Life and Death of Apostle Peter

The Apostle Peter may have been the most outspoken of the twelve apostles in Jesus’ ministry on earth. He certainly became one of the boldest witnesses for the faith.  His beginnings were certainly humble in origin.  He was born about 1 B.C. and died sometime around A.D. 67.

Peter was originally named Simon.
Jesus was the One Who changed Peter’s name.

Peter means “rock” or literally Petra. 

He was a Galilean fisherman and was the brother of Andrew.

The brothers Peter & Andrew came from the village of Bethsaida
John 1:44 – 44 Philip, like Andrew and Peter, was from the town of Bethsaida

Peter was married.
He was also a follower of John the Baptist.  Peter, like all humans before their calling, was a sinful man.  In fact he was ashamed of his sinfulness in the presence of Jesus Christ

Luke 5:6-8 New Living Translation (NLT)
And this time their nets were so full of fish they began to tear! A shout for help brought their partners in the other boat, and soon both boats were filled with fish and on the verge of sinking.When Simon Peter realized what had happened, he fell to his knees before Jesus and said, “Oh, Lord, please leave me—I’m such a sinful man.”

Fishermen at that time were gruff, unkempt, vile, shabbily dressed, and often used vulgar language.  The fishermen of the first century were a man’s man.  They were full of vigor and had boisterous tempers.  This is perhaps why James and his brother John were called the Sons of Thunder

when Jesus told them (Peter and Andrew) to “follow me” they simply walked away and left everything they had without a second thought (Luke 5:9-1).  Consider the fact that this meant that they left everything – all of their fishing boats, their fishing nets, and all the accessories that came with their trade.  How many today would be willing to leave their own business to follow Someone that had simply asked them to follow Him?

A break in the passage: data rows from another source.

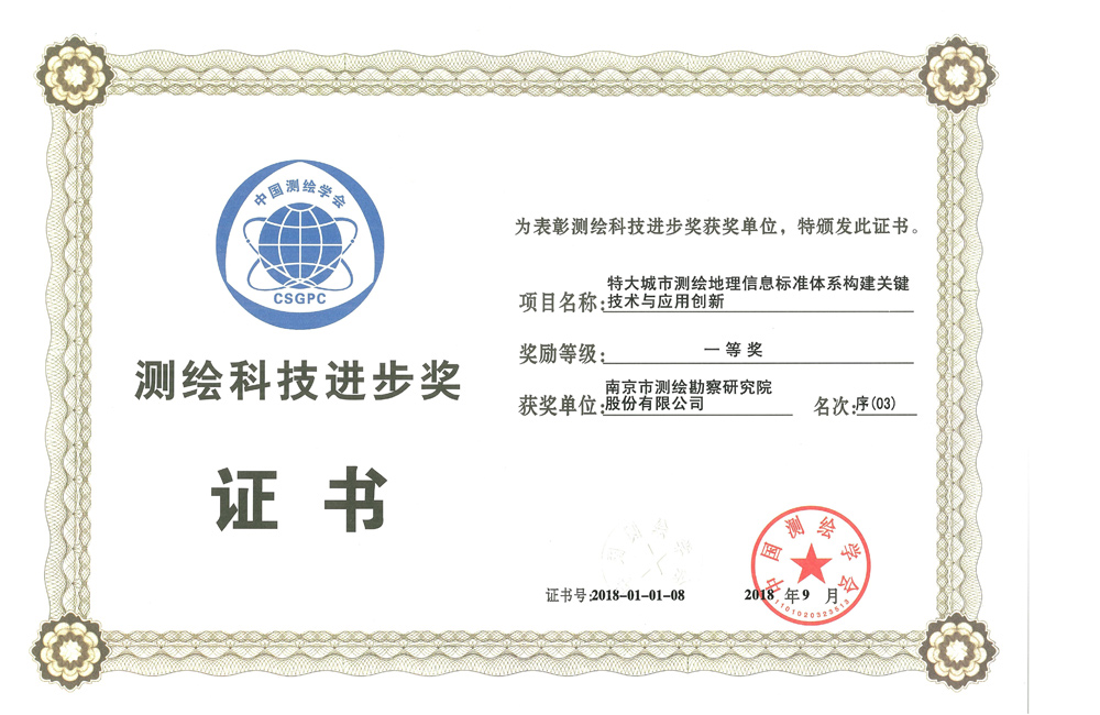 全国测绘科技进步一等奖——特大城市测绘地理信息标准体系构建关键技术与应用创新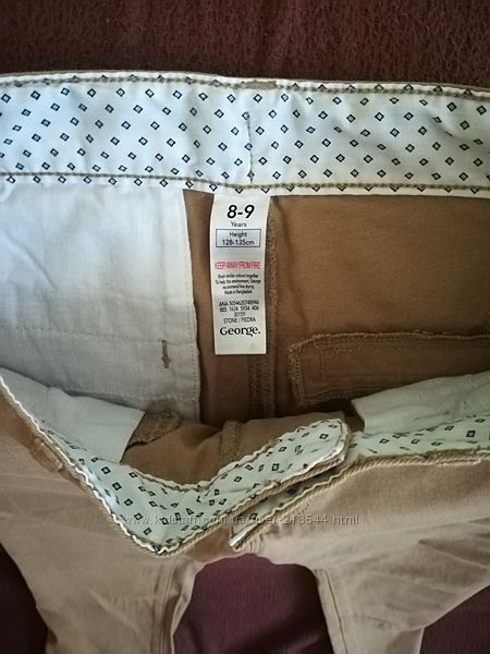Отличные скинни на рост 128-135 см от GeorgeСостояние новых, ни разу не оделись(не понадобились) 100%коттон,очень приятный к телу Цвет песочный(точнее передан на фото 1,на других вышел светлее) 2 боковых кармана, сзади 1,второй обманка Отлично будут для худенького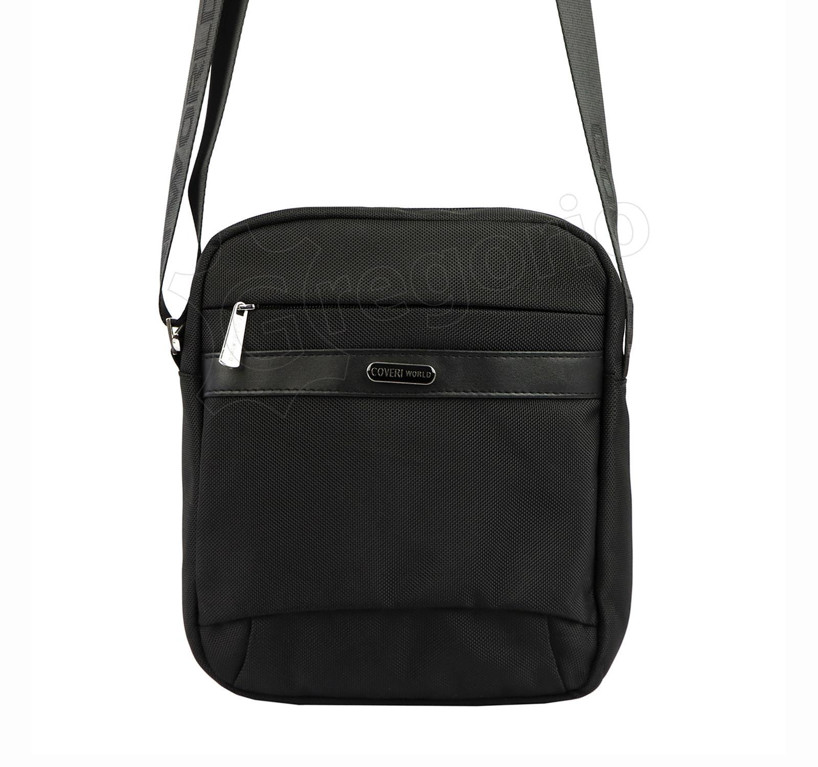 Juodos spalvos vyriška rankinė per petį. Reguliuojamo ilgio dirželis. 4 užtrauktukais užsegami skyriai. Vienas pagrindinis, du išorėje ir papildomas viduje.

As mentioned earlier, Peter was among the first disciples called by Jesus and he was frequently their spokesman – for good or bad.  One thing that he is credited with is the special insight that he had concerning Jesus’ identity.  Peter was the first to call Jesus the Son of the Living God – the Messiah (Mark 8:29, Luke 9:20, Matt. 16:16-17).   When Jesus called him, Peter knew that He was of God and felt unworthy to be in Jesus presence (Luke 5:6-8).   Even so, Jesus did not hesitate and told Peter and Andrew that He would make them “fishers of men” (Mark 1:17).

Some of the Crazy things Peter alone could do:

  • Catching 153 big fishes while they had fished the whole night but not even a fish – John 21: 5-11
  • Peter Rebuking Jesus – Matthew 16:22
  • Peter at the mount of Transfiguration – Matthew 17:1-13 – Lord let us build three tents
  • Peter Says I will not leave you even if I have to die – Matthew 26:35, Mark 14:31
  • Peter goes for fishing and pays the Tax – Matthew 17:24-27

After Christ’s death in Jerusalem, Peter became the head of the church.  He traveled widely proclaiming the way of Jesus everywhere he went.  He had been in Rome when persecution against Christians (who refused to worship the emperor) became increasingly frequent and violent.  Warned that his life was in grave danger, he decided to flee the city following the Appian Way to safer ground. 

He got as far as the ground where this little church stands.

In Latin, the church is called “Chiesa del Domine Quo Vadis.”  In English, it literally means “The Church of ‘Lord, Where are You Going?’.”  As Peter fled the city, it was here that he encountered the risen Christ.   Peter saw Jesus walking in the opposite direction going back toward the city of Rome.  Peter – astonished – asked Jesus, “Lord, where are you going?”  Jesus responded, “I am going back to Rome to be crucified again.”

Peter obeyed.  He returned, was arrested, and crucified upside down on a cross.

In the days leading up to Peter’s death, almost all of the apostles had been martyred.  Did Jesus actually predict Peter’s death by crucifixion when He said that “when you are old you will stretch out your hands, and another will dress you and take you where you do not want to go” (John 21:18-19)?  The church historian Tertullian, Origen, and Eusebius state that Peter’s was stretched out by his hands, he was dressed in prison garb, he was taken where no one wanted to go (a crucifixion), and was crucified.  He was said to be crucified upside down because he felt unworthy to be crucified in the way that the Lord Jesus Christ had been.